LUIZA. — Não sei como e porquê explico. Seria eu capaz de explicar o som da voz de uma pessoa amada para alguém que nunca experienciou a melodia? Ou descrever as cores para outrém? Digo outrém, sim, pois não se é necessário a cegueira. Ora, se todos que enxergam possuem tons e cores prediletos variados, não se pode presumir que serei imparcial ao citar a coloração que me é a mais querida. No entanto, acho que seria capaz de fazê-lo ao descrever um arco-íris, pois seria o conjunto, não uma de cada vez. Pense, por exemplo, na sociedade; quando temos de a descrever, falamos sobre o conjunto, não sobre os poucos que amamos dentre os bilhões de desconhecidos.
CLARICE. — Morre-se uma vez ou mais durante a vida? Todo dia morre-se, ao menos quando iremos para cama dormir e o fazemos. Pequenas mortes despercebidas no quotidiano que nos preparam para a mais letal de nossa existência. Morres tu desta forma como eu?
LUIZA. — Ah, Clarice! Sei que tu és uma cópia da Clarice Lispector verdadeira feita por mim, mas o espanto continua o mesmo. Não me sinto capaz de dar a voz a mim mesma no papel, imagine a ti. Perdoe-me pela frustração... mal sei como ser eu. Perco até o fio íntimo de devaneio em que me encontrava.

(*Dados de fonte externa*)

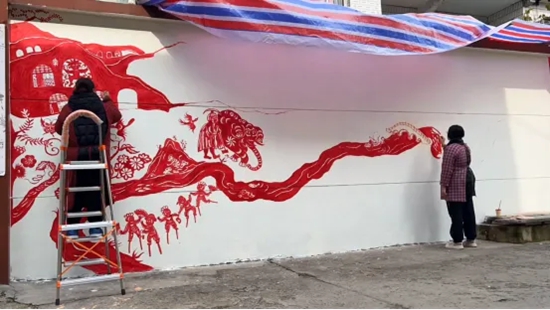 这场艺术接力的背后,是两代人对非遗剪纸的共同热爱,更彰显了新大众文艺澎湃着“全民共创”的力量。“我一直想让剪纸走出红纸之间,让更多人看到剪纸的美。”刘芸说。因女儿学习油画,刘芸曾对着墙壁反复思索呈现方式,后来与女儿一拍即合——以油画与剪纸结合的形式,将垣曲的山水人文、历史传说绘于墙面,让这份独特的美被更多人看见。

CLARICE. — Os minutos são preciosos.
Não comandamos nossa própria atenção. Ela vem sorrateiramente por detrás dos olhos e permanecem lá até que percebamos sua presença e a espantemos sem ter a intenção disso. O existir de tudo me deixa trêmula. Tenho medo de rosas vivas porque elas são tão frágeis e frajolas e porque morrem num piscar de olhos. Gosto de conversas por não morrerem, elas somente acabam.
LUIZA. — Sinto que Clarice irá escrever quanto quiser agora que a dei liberdade de o fazer. Terei de terminar a resenha por aqui, antes que isto se torne um livro acidental! Ah, onde estava?... Sim! O sentimento que o livro causa. Considere a obra um beijo carinhoso de Clarice, daqueles que se dá na testa antes de uma criança cair no sono. Somos as crianças, embriagadas demais pelo cansaço para perceber que este seria seu último sopro de vida.